API Reference

setup

class Setup:
    def __init__(self, df)

Initializes the Setup instance.

Parameters:

df (pd.DataFrame). The test dataset

def ask_values(self)

Prompts the user to input configuration parameters.

Returns:

events_names (list): Name of the columns in the dataset to be filtered. Two columns must be selected
- One that contains the users name (later on they will be pseudonymize)
- One that contains the event information we want to do estimations
privacy_method (str): Name of the privacy method that will be used to privatized the dataset (Only can be PCMeS or PHCMS)
error_metric (str): Name of the metric we wil use to calculate the error (Only can be MSE, Lp Norm or RMSE)
error_value (float): Value of the maximun error we want our data to have (in decimal). For example, if we want a 2% maximun error, 0.02 must be written.
tolerance (float): Value of the tolerance of the error it is needed.

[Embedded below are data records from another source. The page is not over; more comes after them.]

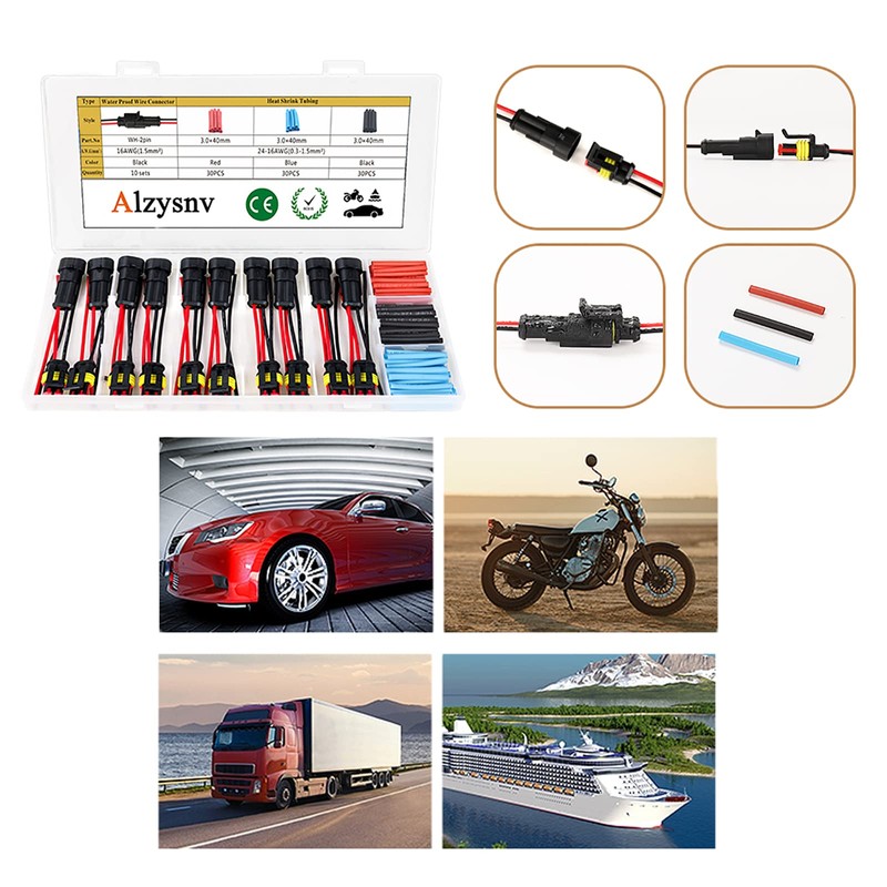 - Packing specification: 10 sets of 2 pin waterproof connector kit, 30 pcs red/blue/black heat shrink connector.
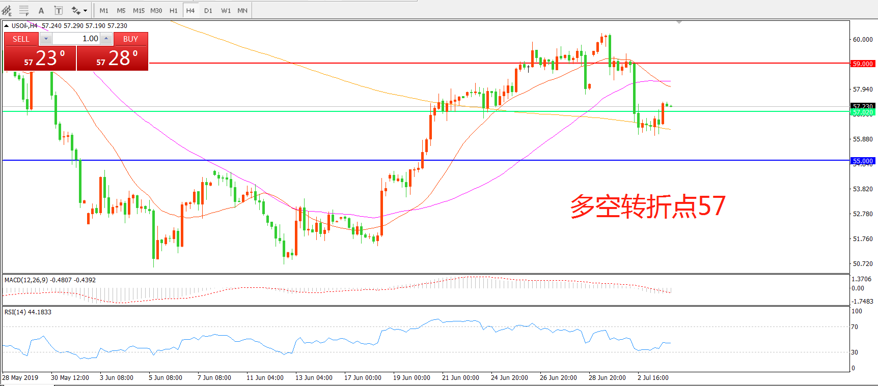 备选策略:在57.00 之上看涨,目标59.00 61.00
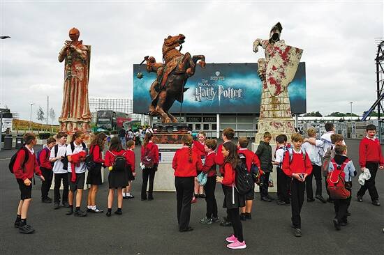 英国哈利·波特影城门口集结的学生们 羊城晚报记者 林桂炎 摄

def filter_dataframe(self)

Filters the input DataFrame based on the selected event columns.

Returns: - pd.DataFrame: The filtered DataFrame.

def run_command(self, e, k, m)

Executes the selected privacy-preserving algorithm with the given parameters.

Parameters:

e(float): Privacy budget (epsilon).
k (int): Number of hash functions.
m (int): Number of buckets.

Returns: - error_table (table). Table of all the parameters of error - df_estimated (table). Table with the estimated frecuency of the events.

def optimize_k_m(self, er=150)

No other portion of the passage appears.